### Provided records:
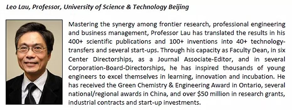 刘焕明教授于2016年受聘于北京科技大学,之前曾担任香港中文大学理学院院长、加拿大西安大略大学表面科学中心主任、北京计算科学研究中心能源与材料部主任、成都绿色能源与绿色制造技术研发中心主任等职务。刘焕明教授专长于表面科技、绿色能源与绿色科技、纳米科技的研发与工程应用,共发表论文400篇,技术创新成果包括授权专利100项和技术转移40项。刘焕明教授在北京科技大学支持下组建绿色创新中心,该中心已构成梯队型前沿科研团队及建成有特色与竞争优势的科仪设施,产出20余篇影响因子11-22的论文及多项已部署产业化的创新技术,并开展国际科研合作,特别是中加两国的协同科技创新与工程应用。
==
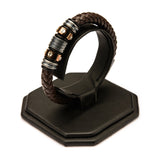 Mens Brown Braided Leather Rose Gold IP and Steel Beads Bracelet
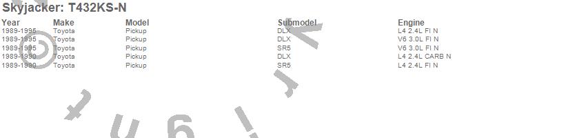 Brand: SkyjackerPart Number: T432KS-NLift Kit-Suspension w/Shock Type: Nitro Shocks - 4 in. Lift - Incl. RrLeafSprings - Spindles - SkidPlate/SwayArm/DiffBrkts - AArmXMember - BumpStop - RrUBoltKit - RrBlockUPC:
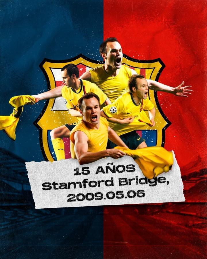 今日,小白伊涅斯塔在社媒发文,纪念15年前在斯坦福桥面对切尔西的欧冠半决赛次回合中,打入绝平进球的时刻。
...
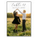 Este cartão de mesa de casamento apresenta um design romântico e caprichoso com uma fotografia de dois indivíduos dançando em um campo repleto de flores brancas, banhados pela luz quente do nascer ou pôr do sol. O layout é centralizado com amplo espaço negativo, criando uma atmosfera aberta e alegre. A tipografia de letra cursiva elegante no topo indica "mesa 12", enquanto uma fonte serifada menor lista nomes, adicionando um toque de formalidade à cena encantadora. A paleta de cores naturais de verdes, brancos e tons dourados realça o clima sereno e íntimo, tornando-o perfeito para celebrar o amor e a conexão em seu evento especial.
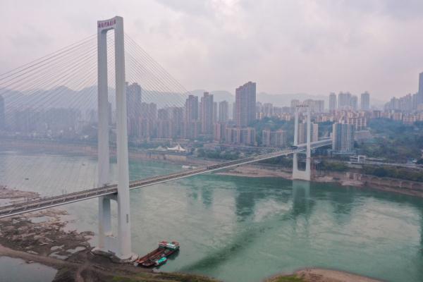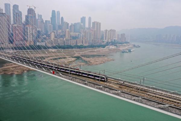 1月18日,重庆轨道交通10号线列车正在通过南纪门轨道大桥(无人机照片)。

### Work to complete:
Find the line with "Brand: SkyjackerPart Number: T432KS-NLift" in the entries above. Set down exactly every line from it up to and including the line with "今日,小白伊涅斯塔在社媒发文", images excluded.

### Response area:
 Brand: SkyjackerPart Number: T432KS-NLift Kit-Suspension w/Shock Type: Nitro Shocks - 4 in. Lift - Incl. RrLeafSprings - Spindles - SkidPlate/SwayArm/DiffBrkts - AArmXMember - BumpStop - RrUBoltKit - RrBlockUPC:
 今日,小白伊涅斯塔在社媒发文,纪念15年前在斯坦福桥面对切尔西的欧冠半决赛次回合中,打入绝平进球的时刻。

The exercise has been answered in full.